The man who was healed wanted to go with Jesus as he and the disciples got into the boat to return to the other side of the lake, but Jesus said no: “Return to your home and declare how much God has done for you”. The healing liberated the man to serve, to respond to a new calling for mission and ministry. Jesus did not reject his request but sent him to the place he least expected to go. That is one of the strange things about discipleship and God’s plan of salvation. We are often called to share the good news of God in Christ with those we least expect to serve. The man is restored to his community and given a commission!

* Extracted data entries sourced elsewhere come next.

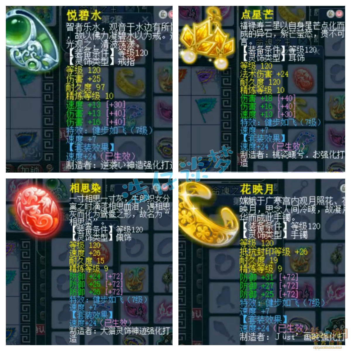 戒指和耳饰下排都是双伤害一速度,配饰和手镯下排都是三防御,特效都是7级健步如飞。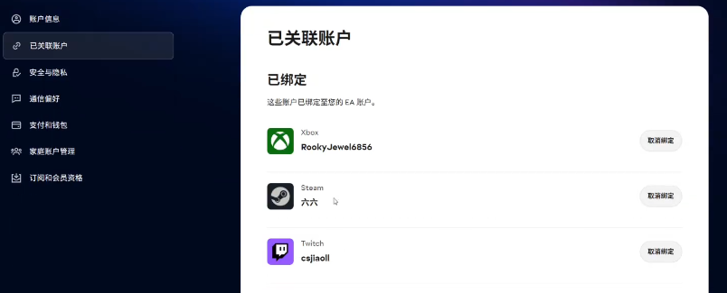 在EA平台点击个人头像进入“档案”设置,找到“连接”或“关联账号”选项,把Steam账号连上去,这样奖励才能正常同步。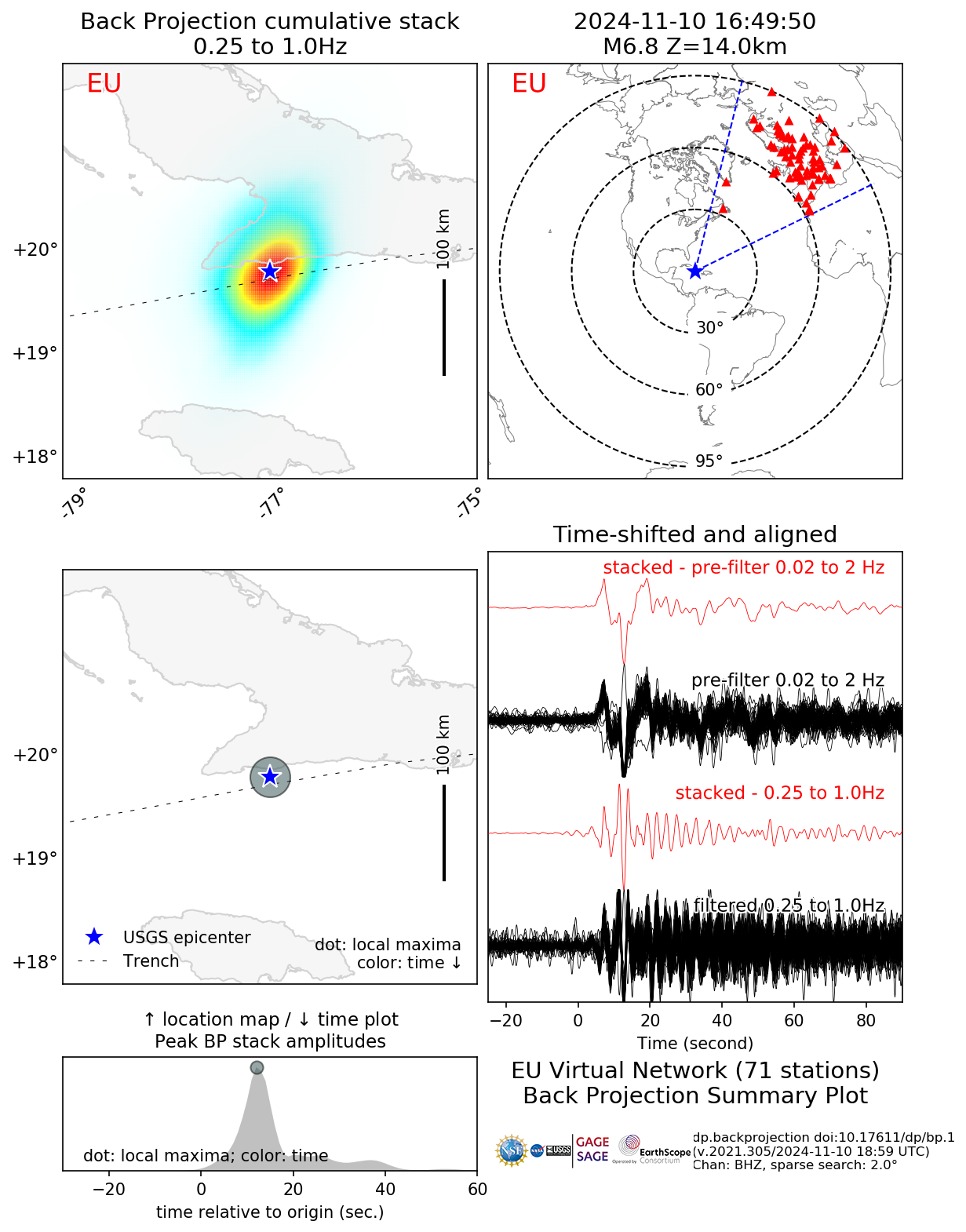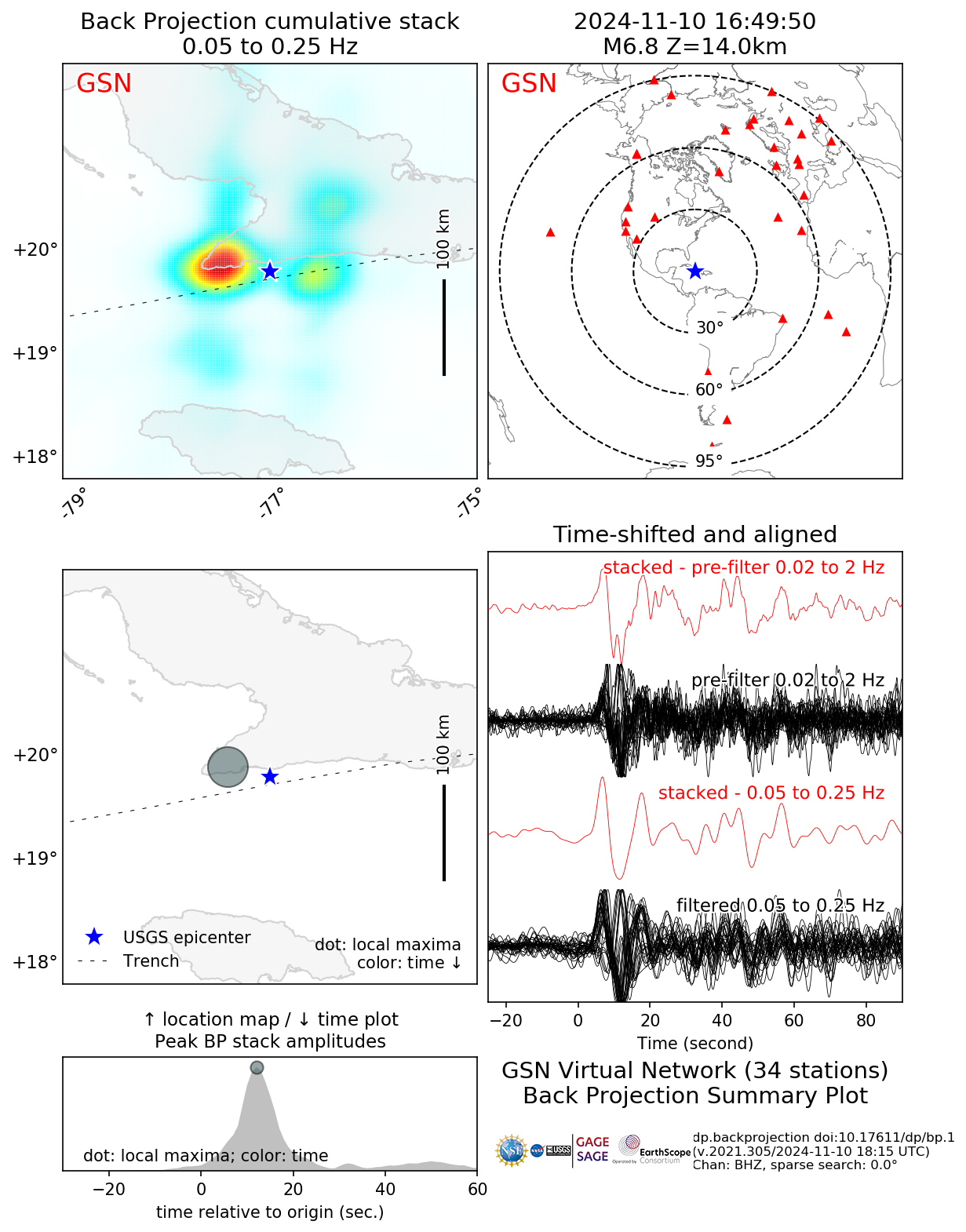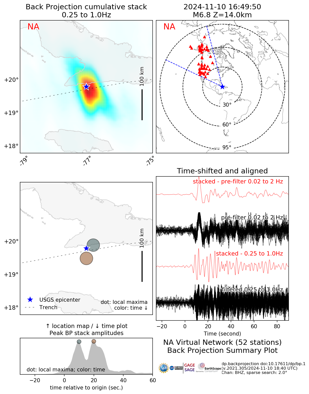 The Back Projection (BP) product shows the beamformed time history and location of coherent short period P-wave energy generated by large earthquakes observed at three regional arrays and across the Global Seismic Network. These are automatically generated following all global M6.5+ earthquakes. Virtual networks are formed by choosing stations within 25 degrees distance or azimuth to the center of three continents (NAmerica, EUrope, AUstralia). All available BHZ data are then aligned using a Multi-Channel Cross Correlation scheme which also downsamples the network by only choosing the stations with the highest average cross-correlation coefficient and at least one degree distance to it's nearest neighboring stations. BPs are performed by beam forming energy using square-root stacking to a flat grid around the source region with variable spatial resolution scaled by the magnitude of the earthquake. A 5 s wide cosine taper is used to average the beams. BP results are then averaged over time windows whose length increases with magnitude. The upper gallery shows a movie of the combined BPs from all networks with sufficient data. The array response function is also shown which is generated using the same processing techniques and stations, except the raw data are replaced with synthetic seismograms with 5 s wide point-source triangle functions. The first and last frames show cumulative time integrated results. Results are affected by radiation pattern, Greens functions variations and array geometry. Warmer colors indicate greater beam power. A small cross shows the location of the peak beam power when absolute beam powers are low. The lower gallery shows a summary figure for each array's BP as well as the individual array movie. In the summary figure, the lower left panel shows the time and location of local maxima. The colors correspond to relative time and the diameter to relative beam power. The other panels show the time-integrated results, the source-receiver geometry, and the MCCC aligned traces. At the bottom of the page, text files with peak beam power (and their Lat/Lon location) as a function of time relative to origin are given for both the data and the synthetic ARF. For more information on Back Projections visit the Backprojection product page. |

Paul Farmer is an example of a person who from humble beginnings has taken the liberation theology as a preferential option for the poor seriously. While still in medical school at Harvard, Farmer worked in Haiti, among peasants who were living in severe poverty exaggerated by political upheaval and US foreign policy. In time, Farmer founded the Partners in Health which has in the past two decades built a clinic in rural Haiti, then in Peru, and many other places where the “cost-effective” argument meant that poor people in these places did not receive “standard of care” treatment for TB or AIDS. Using cost effective reasoning, to save resources, and saving the most people for the lowest cost was in Farmers view unjust, inhumane, and simply wrong. Farmer said he was not impressed with the catholicity of his childhood but he was impressed with the liberation theology that argued for more social justice, the preferential option for the poor, and seeing the dignity in every human being. Farmer believed that if Canada, England, or Italy were in the same position as Haiti with rising poverty, poor health care infrastructure, and inability to provide adequate care for simple diseases much less buy expensive patented drugs to combat HIV and TB, we would have intervened long ago. I view Paul Farmer as a modern missionary – liberating and healing one patient at a time, one place at a time, never stopping, continuing to fight the good fight – understanding that we are all one global family.
That we fail to act when the diseases ravish countries distant and different may call to our conscious awareness what it would mean to cross the lake into Gentile territory, or be healed of fear to act on behalf of the oppressed, or to be sent to carry the good news of liberation in Christ to the world!